YOUR INSTRUCTIONS:
Pictures stay out of the output. Return exactly the lines below from the one with "Our Gold Deplating" down to the one with "Long gourds I", both included, and nothing more.

RECORDS FOR PROCESSING:
□ □ □ □ □ □ □

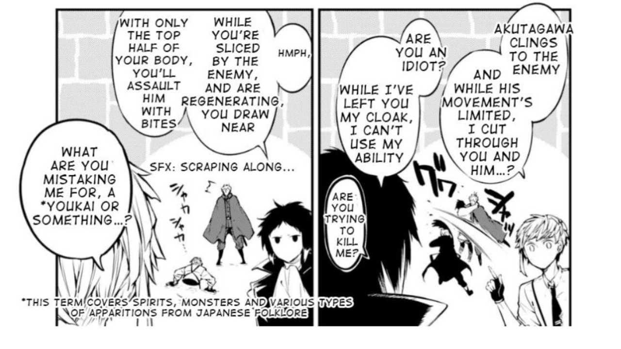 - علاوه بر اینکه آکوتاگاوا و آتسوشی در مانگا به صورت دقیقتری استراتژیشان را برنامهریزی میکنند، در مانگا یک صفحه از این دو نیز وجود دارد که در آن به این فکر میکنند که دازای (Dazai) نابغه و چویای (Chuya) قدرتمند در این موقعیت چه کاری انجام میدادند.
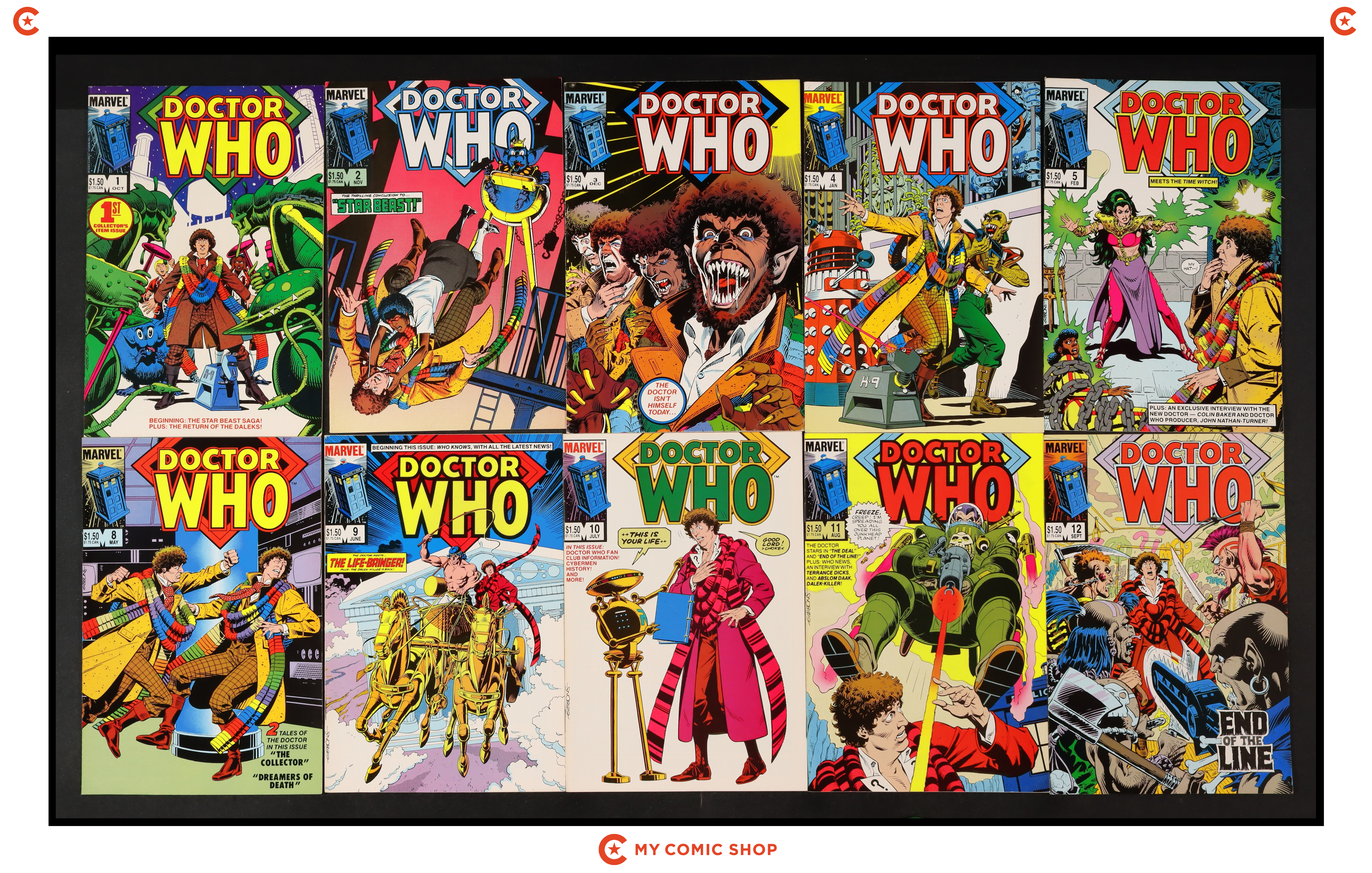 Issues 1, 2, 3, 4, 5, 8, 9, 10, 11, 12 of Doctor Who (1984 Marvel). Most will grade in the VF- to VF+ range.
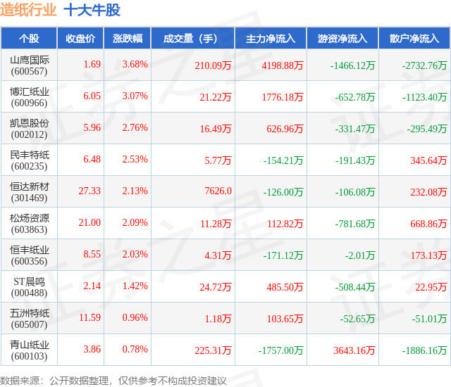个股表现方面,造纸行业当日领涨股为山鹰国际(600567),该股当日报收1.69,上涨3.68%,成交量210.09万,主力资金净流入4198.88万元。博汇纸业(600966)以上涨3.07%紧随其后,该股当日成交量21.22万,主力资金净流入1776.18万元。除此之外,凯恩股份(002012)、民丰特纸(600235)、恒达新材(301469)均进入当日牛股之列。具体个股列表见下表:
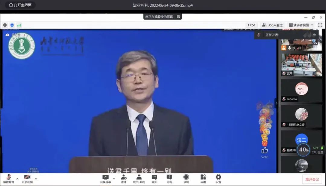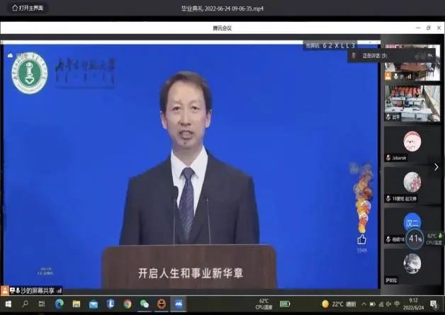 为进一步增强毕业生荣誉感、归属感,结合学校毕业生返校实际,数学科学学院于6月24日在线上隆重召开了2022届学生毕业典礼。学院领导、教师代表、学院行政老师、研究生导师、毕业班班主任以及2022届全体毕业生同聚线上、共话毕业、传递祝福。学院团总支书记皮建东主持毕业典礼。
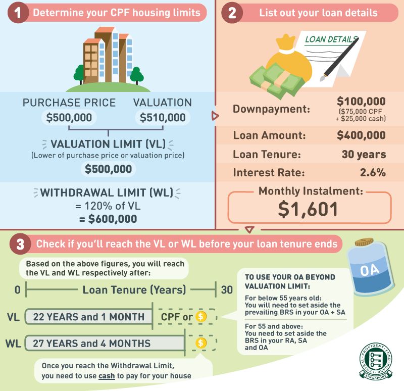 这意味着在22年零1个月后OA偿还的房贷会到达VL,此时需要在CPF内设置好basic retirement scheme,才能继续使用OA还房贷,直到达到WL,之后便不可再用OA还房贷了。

□ □ □ □ □ □ □

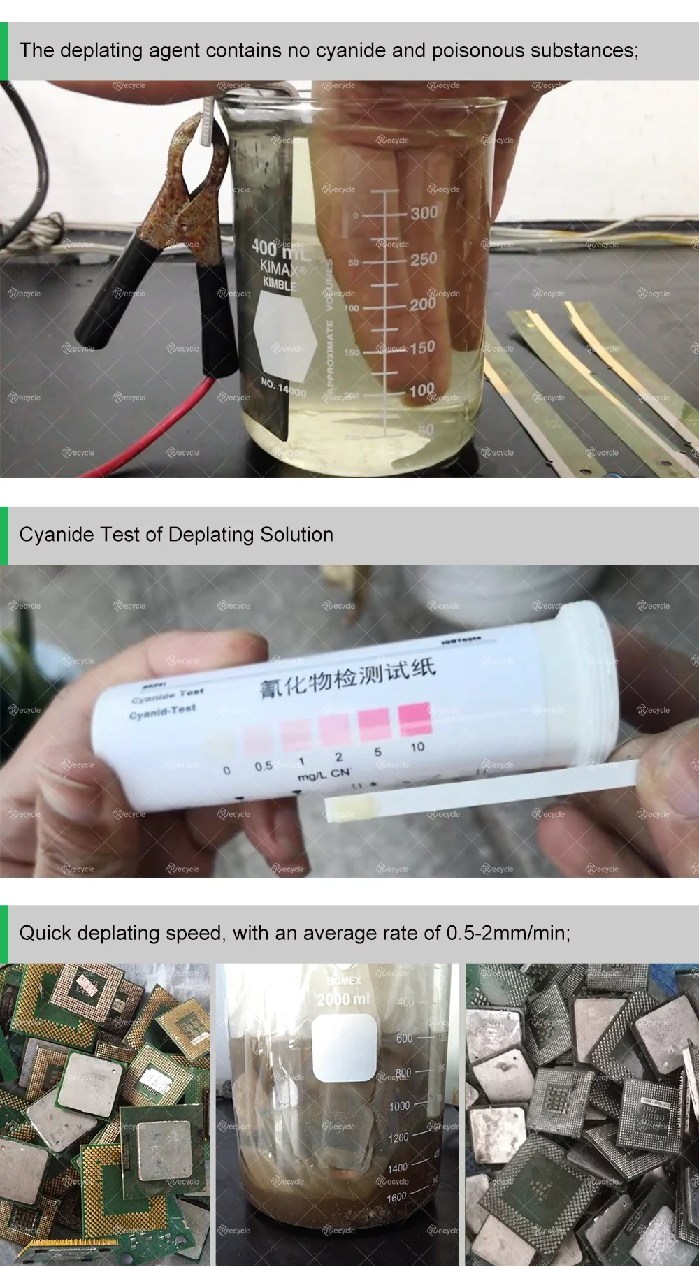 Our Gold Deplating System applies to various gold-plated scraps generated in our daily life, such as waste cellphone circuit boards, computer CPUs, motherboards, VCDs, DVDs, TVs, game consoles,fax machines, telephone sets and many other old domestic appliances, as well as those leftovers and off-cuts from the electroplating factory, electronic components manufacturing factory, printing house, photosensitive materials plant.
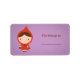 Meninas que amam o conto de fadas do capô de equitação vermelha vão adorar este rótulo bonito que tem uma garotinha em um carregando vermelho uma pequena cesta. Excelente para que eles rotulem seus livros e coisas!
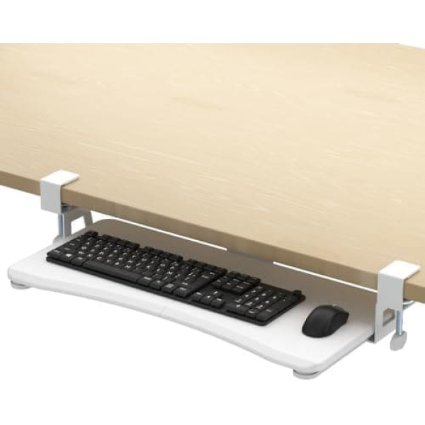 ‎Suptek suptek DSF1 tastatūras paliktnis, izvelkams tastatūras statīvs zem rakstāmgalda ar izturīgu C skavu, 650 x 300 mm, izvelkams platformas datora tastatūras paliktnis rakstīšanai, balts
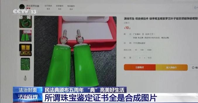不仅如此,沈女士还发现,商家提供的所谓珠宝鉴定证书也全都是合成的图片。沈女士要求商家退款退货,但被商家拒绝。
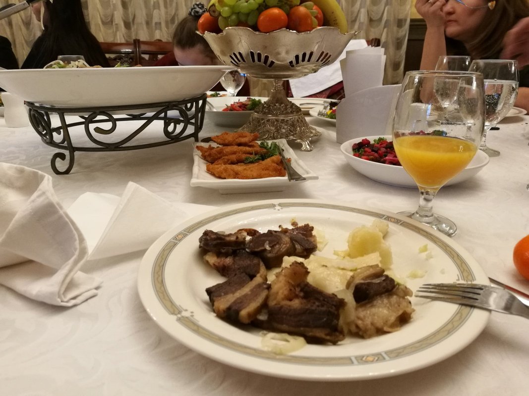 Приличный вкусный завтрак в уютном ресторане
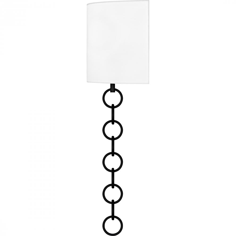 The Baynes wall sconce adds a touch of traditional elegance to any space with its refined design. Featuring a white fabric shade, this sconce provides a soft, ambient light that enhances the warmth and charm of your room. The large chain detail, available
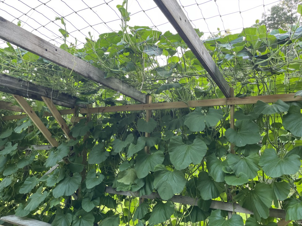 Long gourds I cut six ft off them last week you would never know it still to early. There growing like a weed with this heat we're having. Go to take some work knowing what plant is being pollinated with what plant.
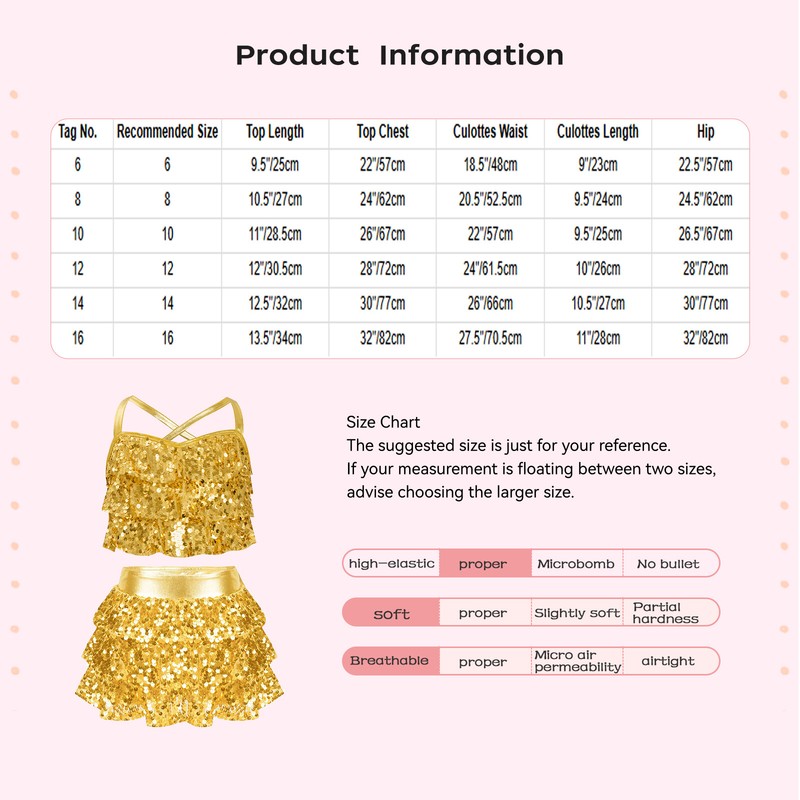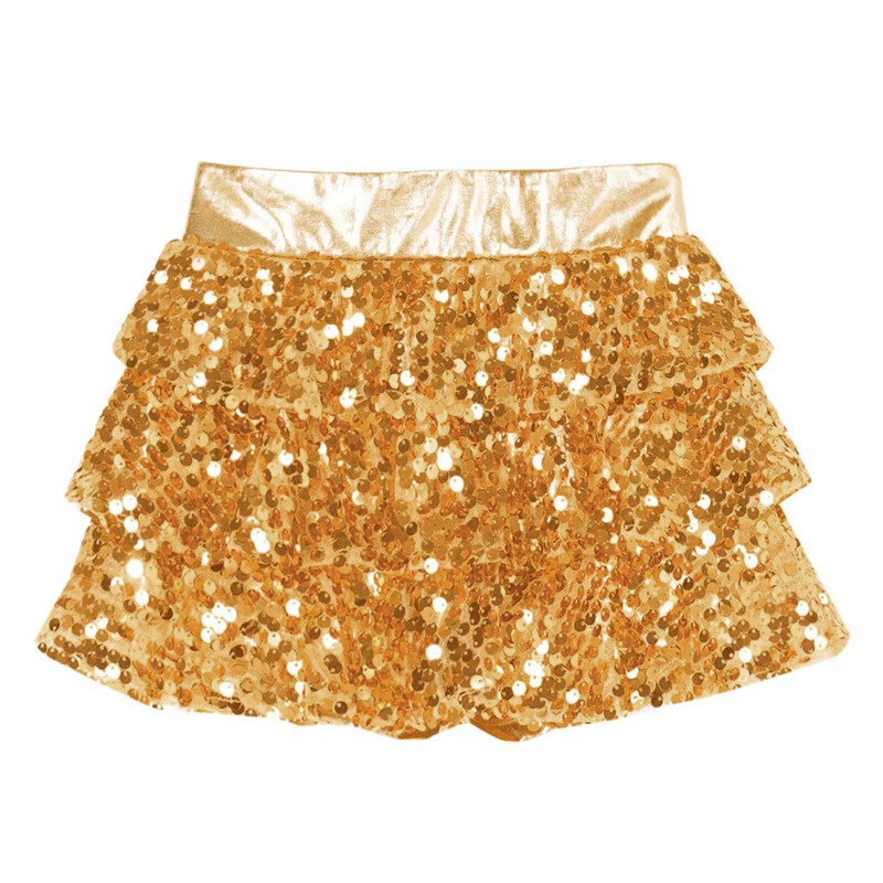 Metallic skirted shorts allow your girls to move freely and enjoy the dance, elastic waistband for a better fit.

□ □ □ □ □ □ □

ANSWER FOR THE TASK:
 Our Gold Deplating System applies to various gold-plated scraps generated in our daily life, such as waste cellphone circuit boards, computer CPUs, motherboards, VCDs, DVDs, TVs, game consoles,fax machines, telephone sets and many other old domestic appliances, as well as those leftovers and off-cuts from the electroplating factory, electronic components manufacturing factory, printing house, photosensitive materials plant.
 Meninas que amam o conto de fadas do capô de equitação vermelha vão adorar este rótulo bonito que tem uma garotinha em um carregando vermelho uma pequena cesta. Excelente para que eles rotulem seus livros e coisas!
 ‎Suptek suptek DSF1 tastatūras paliktnis, izvelkams tastatūras statīvs zem rakstāmgalda ar izturīgu C skavu, 650 x 300 mm, izvelkams platformas datora tastatūras paliktnis rakstīšanai, balts
不仅如此,沈女士还发现,商家提供的所谓珠宝鉴定证书也全都是合成的图片。沈女士要求商家退款退货,但被商家拒绝。
 Приличный вкусный завтрак в уютном ресторане
 The Baynes wall sconce adds a touch of traditional elegance to any space with its refined design. Featuring a white fabric shade, this sconce provides a soft, ambient light that enhances the warmth and charm of your room. The large chain detail, available
 Long gourds I cut six ft off them last week you would never know it still to early. There growing like a weed with this heat we're having. Go to take some work knowing what plant is being pollinated with what plant.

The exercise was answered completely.